■ **Available data**:
═══
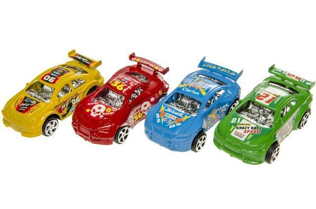 24 Sportautos mit Rückzug in den Farben rot, gelb, grün und blau. Orginalgröße: 8,0 cm.
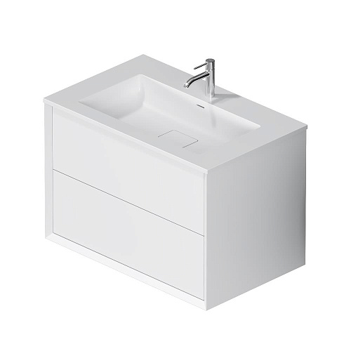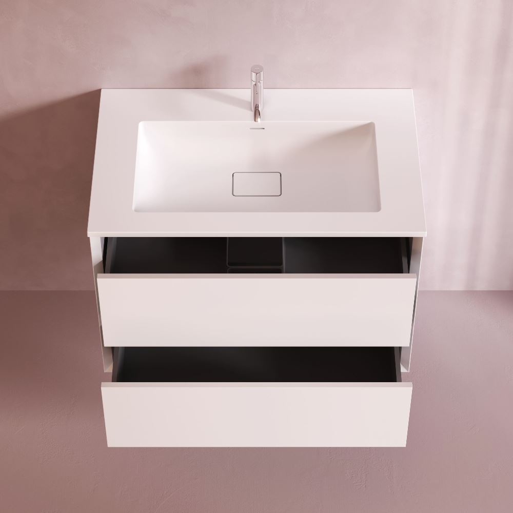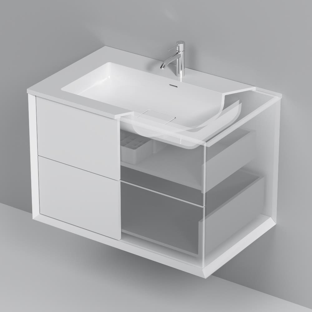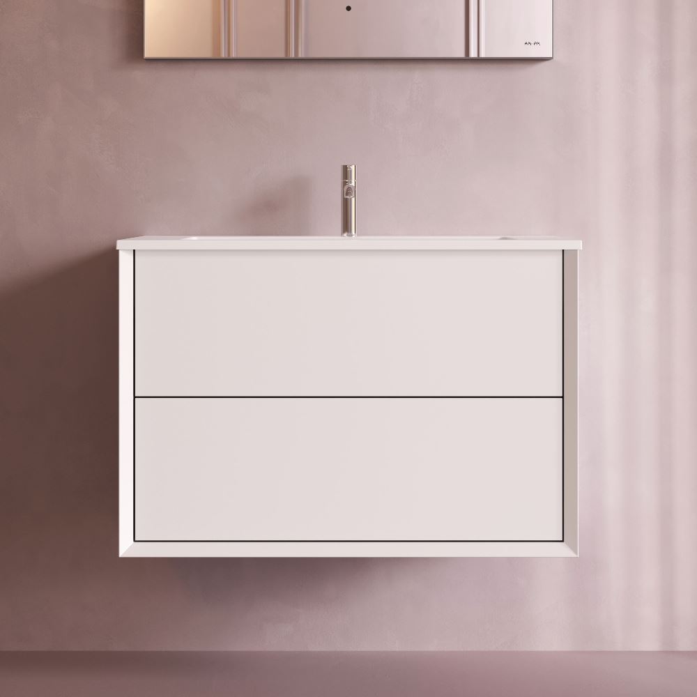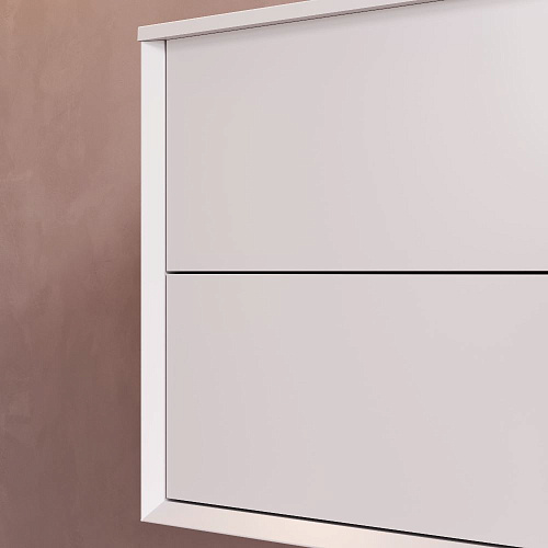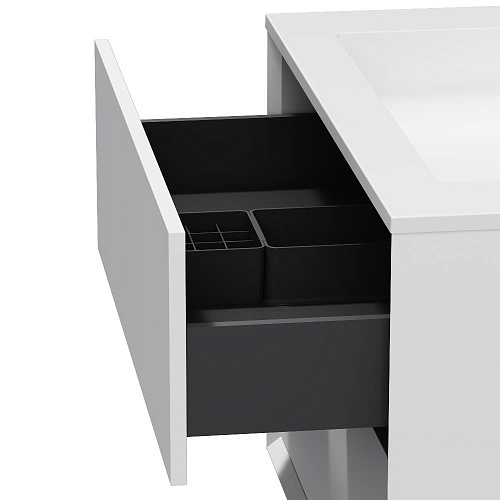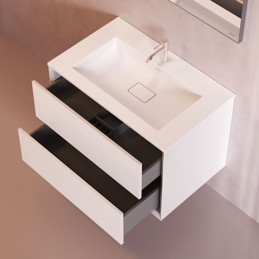 Подвесная база под раковину Libre — современный минимализм в мебельной линейке AM.PM. Разработанная студией DanelonMeroni (Великобритания / Италия) коллекция Libre переосмысливает современный минимализм через призму итальянского дизайна воплощая философию максимального визуального эффекта без лишних деталей. Архитектура корпуса — одна из ключевых особенностей модели. Боковины толщиной 22 мм с аккуратным запилом под углом 45° формируют тонкий выверенный фрейм подчёркивающий чистоту линий и сдержанную изящность тумбы. Функциональность продумана до мелочей. Выдвижной ящик из ЛДСП толщиной 12 мм сохраняет баланс между прочностью и визуальной лёгкостью а антискользящее покрытие внутри делает хранение более аккуратным. Съёмный органайзер входящий в комплект обеспечивает удобную организацию хранения при этом пластиковый обвод сифона позволяет сохранить максимум полезного объёма. Направляющие Push-to-Open с синхронизатором позволяют открывать ящик лёгким нажатием в любой точке фасада. Финишное покрытие выполнено матовой итальянской эмалью нанесённой в 7 слоёв. Оно формирует насыщенный и глубокий цвет устойчивый к повседневной эксплуатации и сохраняющий безупречный внешний вид на протяжении долгого времени. ""
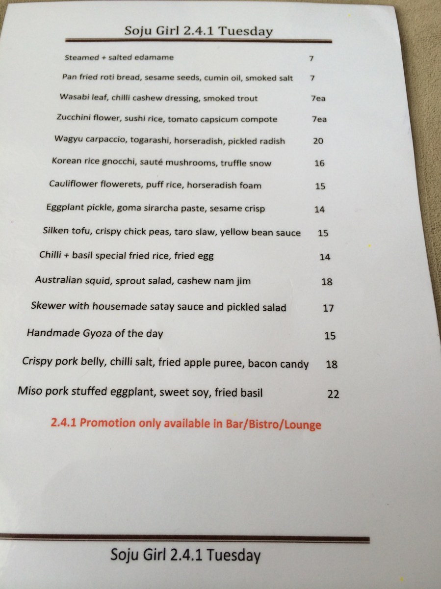 IMG_4700 Soju Girl Two for One Tuesday menu Share this:TwitterEmailFacebookPinterestWhatsAppLike Loading...
═══
■ **Required work**:
Excluding pictures, print all lines above exactly.

■ **Solution to the problem**:
 24 Sportautos mit Rückzug in den Farben rot, gelb, grün und blau. Orginalgröße: 8,0 cm.
 Подвесная база под раковину Libre — современный минимализм в мебельной линейке AM.PM. Разработанная студией DanelonMeroni (Великобритания / Италия) коллекция Libre переосмысливает современный минимализм через призму итальянского дизайна воплощая философию максимального визуального эффекта без лишних деталей. Архитектура корпуса — одна из ключевых особенностей модели. Боковины толщиной 22 мм с аккуратным запилом под углом 45° формируют тонкий выверенный фрейм подчёркивающий чистоту линий и сдержанную изящность тумбы. Функциональность продумана до мелочей. Выдвижной ящик из ЛДСП толщиной 12 мм сохраняет баланс между прочностью и визуальной лёгкостью а антискользящее покрытие внутри делает хранение более аккуратным. Съёмный органайзер входящий в комплект обеспечивает удобную организацию хранения при этом пластиковый обвод сифона позволяет сохранить максимум полезного объёма. Направляющие Push-to-Open с синхронизатором позволяют открывать ящик лёгким нажатием в любой точке фасада. Финишное покрытие выполнено матовой итальянской эмалью нанесённой в 7 слоёв. Оно формирует насыщенный и глубокий цвет устойчивый к повседневной эксплуатации и сохраняющий безупречный внешний вид на протяжении долгого времени. ""
 IMG_4700 Soju Girl Two for One Tuesday menu Share this:TwitterEmailFacebookPinterestWhatsAppLike Loading...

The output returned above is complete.